À la Culotte : blog foot

Le Yémen du Sud : du marxisme au Mondial 1986

23 novembre 2011 par Jules dans Culture foot, Vintage & Oldies // 0 commentaires

Y aurait-il eu instant d’égarement à la FIFA un jour de 1965, quand la plus haute instance du football mondial accorda le droit de participer aux très officiels Jeux panarabes à une équipe nationale dont le pays d’origine n’était même pas encore reconnu par la communauté nationale ? Ou alors, un acte d’ingérence politique très marqué ?

En effet, la République démocratique populaire du Yémen ne fut fondée qu’à partir de 1970, cinq ans après qu’onze pionniers en crampons n’eurent commencé à représenter leur pays avec une liquette au pisseux tryptique chromatique violet, noir, et bleu, sur les épaules. Plus communément appelée Yémen du Sud, la république marxiste qui a vivoté pendant les années 70 et 80 au rythme de la désoviétisation du Moyen-Orient, a pu également apprécier que sur le pré, il ne faisait pas bon être trop maqué avec les Russkofs.

LES ANGLAIS SUR LE GOLFE D’ADEN

L’histoire du Yémen du Sud est celle d’une double indépendance. Capturé par les Anglais au milieu du XIXe siècle, le port d’Aden, sur la côté est du Yémen, est administré par la Couronne britannique pendant un siècle avant d’être érigé en protectorat.
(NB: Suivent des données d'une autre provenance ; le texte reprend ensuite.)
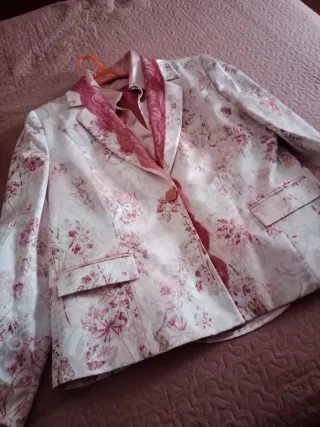 Elegante chaqueta de traje con un bonito estampado floral y encaje en solapa y botones. La americana es talla 52. Camisa de satén en rosa palo,manga larga talla 54. Pantalón color frambuesa,corte recto y ancho desde las caderas. La cintura mide 82 cm de lado a lado para una talla 48-50.
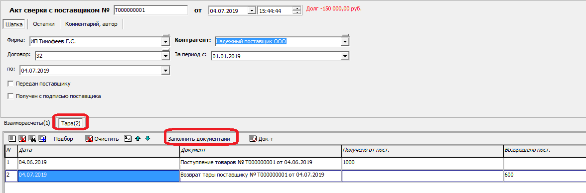 По нажатию кнопки «заполнить документами» в него попадут документы взаиморасчетов и, в таблицу на второй вкладке - движения тары.
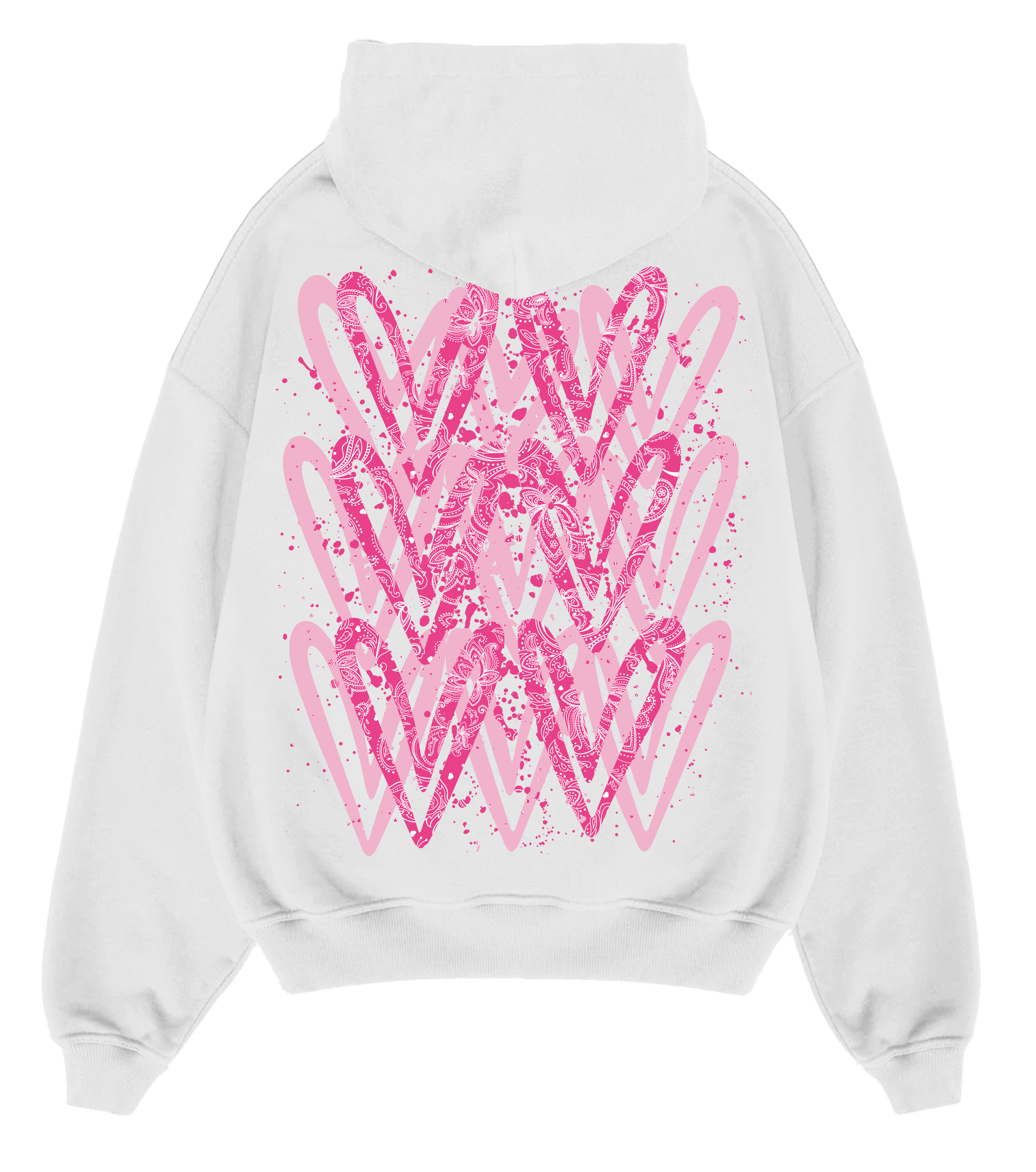 Hot Pink Paisley Heart Printed Hoodie Adults
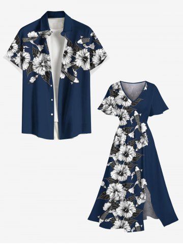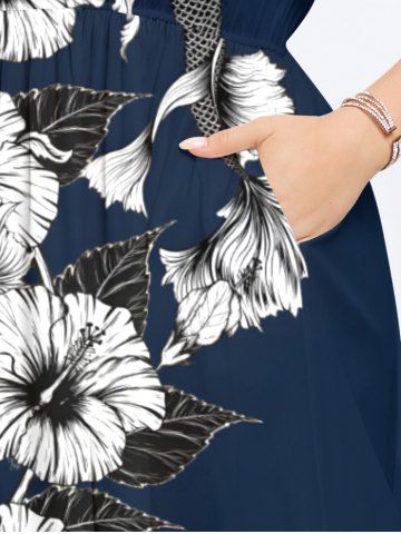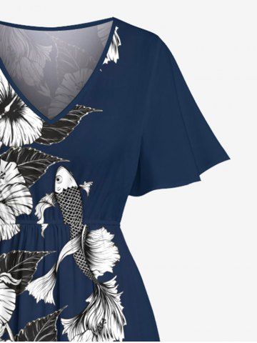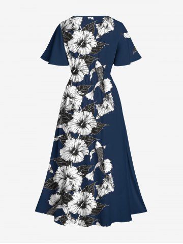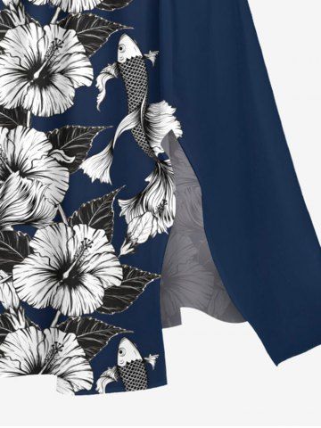 Plus Size Hibiscus Flowers Leaf Fish Tropical Print Split Hawaii Midi Dress - Azul Profundo - 6x

Pour l’empire colonial britannique, le Moyen-Orient est un passage-clé dans la route vers les Indes, où dorment encore dans l’entre-deux-guerres de précieux joyaux coloniaux.

Mais depuis la crise de Suez en 1956, la Couronne britannique goûte au lent processus de décolonisation. De plus en plus contesté, le colon anglais doit faire face au réveil du nationalisme arabe qu’a sorti de son sommeil un très téméraire Nasser, en faisant front à lui tout seul à la France, Israël et au Royaume-Uni. Dès 1959, plusieurs émirats se détachent ainsi du protectorat pour former la Fédération des Émirats arabes du Sud, avant d’être rejoints par d’autres dans une nouvelle entité, la Fédération d’Arabie du Sud.
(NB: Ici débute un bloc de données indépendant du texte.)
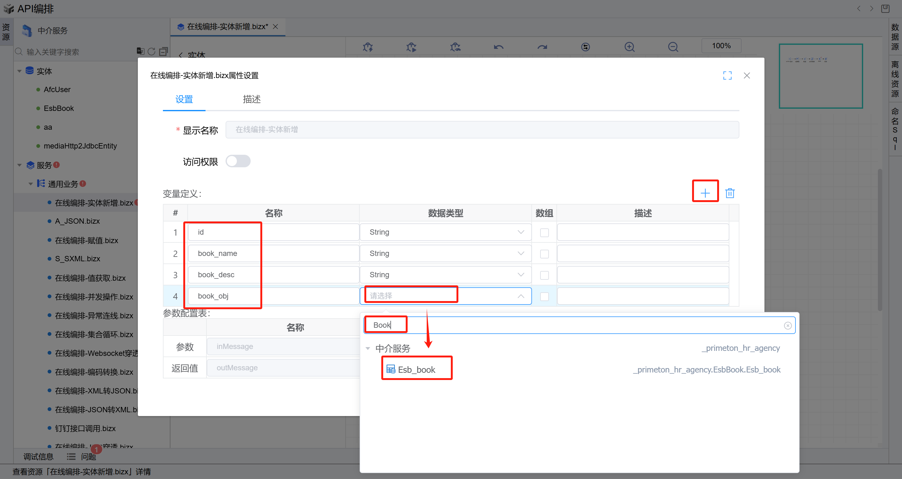 1. 画布背景打开设置的全局变量,id,book_name,book_desc,book_obj(实体对象)

Acculés, et sans véritable espoir de pouvoir redresser la situation, les Britanniques promettent l’indépendance à la Fédération d’Arabie du Sud et au Protectorat d’Arabie du Sud — groupement d’émirats épars n’ayant pas souhaité rallier l’autre fédération — pour 1968. Las ! soutenus en sous main par l’Égypte, deux fronts de libération (le FLOYS et le FLN yéménite) accélèrent la cadence et parviennent à décréter le 30 novembre 1967 l’indépendance de la République populaire du Yémen du Sud, en réunissant les deux groupements de territoires.
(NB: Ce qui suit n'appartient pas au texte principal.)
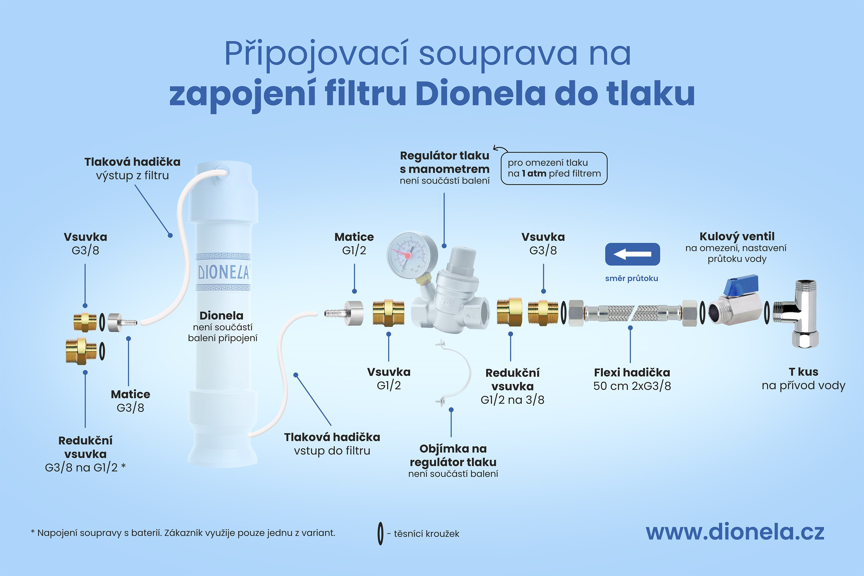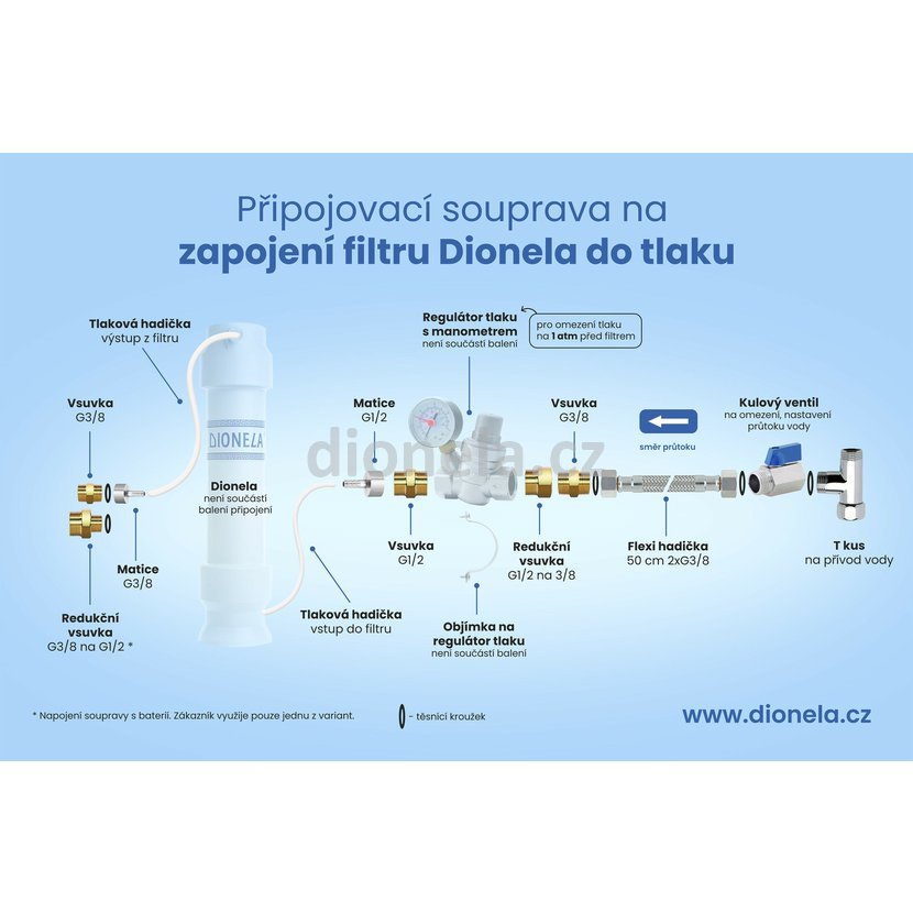Souprava jednotlivých instalatérských dílů, nutných na propojení rohového ventilu, u Vás v kuchyni (studená voda), s regulátorem tlaku (není součástí propojení), Dionelou a trojcestnou směšovací baterií.

Mais, sans doute, le nom du nouveau territoire indépendant n’était-il pas jugé suffisamment long et prestigieux pour certains officiels yéménites. Tant est si bien que moins de deux ans plus tard, en juin 1969, la branche marxiste du FLN dépose sa consœur modérée et prend le pouvoir pour former la République démocratique populaire du Yémen le 1er décembre 1970, tissant alors d’importants liens de subordination avec les républiques socialistes du globe, Cuba et l’URSS en tête.

DES DÉROUTES

Aux jeux panarabes de 1965, le football sud-yéménite s’avance dans un état d’impréparation absolu : sans fédération nationale, sans ligue nationale, donc sans championnat — le championnat de son rival nord-yéménite ne sera créé qu’à la fin des années 70 —, donc sans vivier de joueurs, et partant sans équipe. Le onze bricolé on ne sait comment ne fait ainsi pas illusion : pour leur première sortie, les Sud-Yéménites encaissent un cinglant 14-0 contre l’Égypte. Un score qui rappelle surtout les scores déséquilibrés de la fin du XIXe siècle, quand les disparités d’appétence et de préparation au football entre les nations étaient encore criantes.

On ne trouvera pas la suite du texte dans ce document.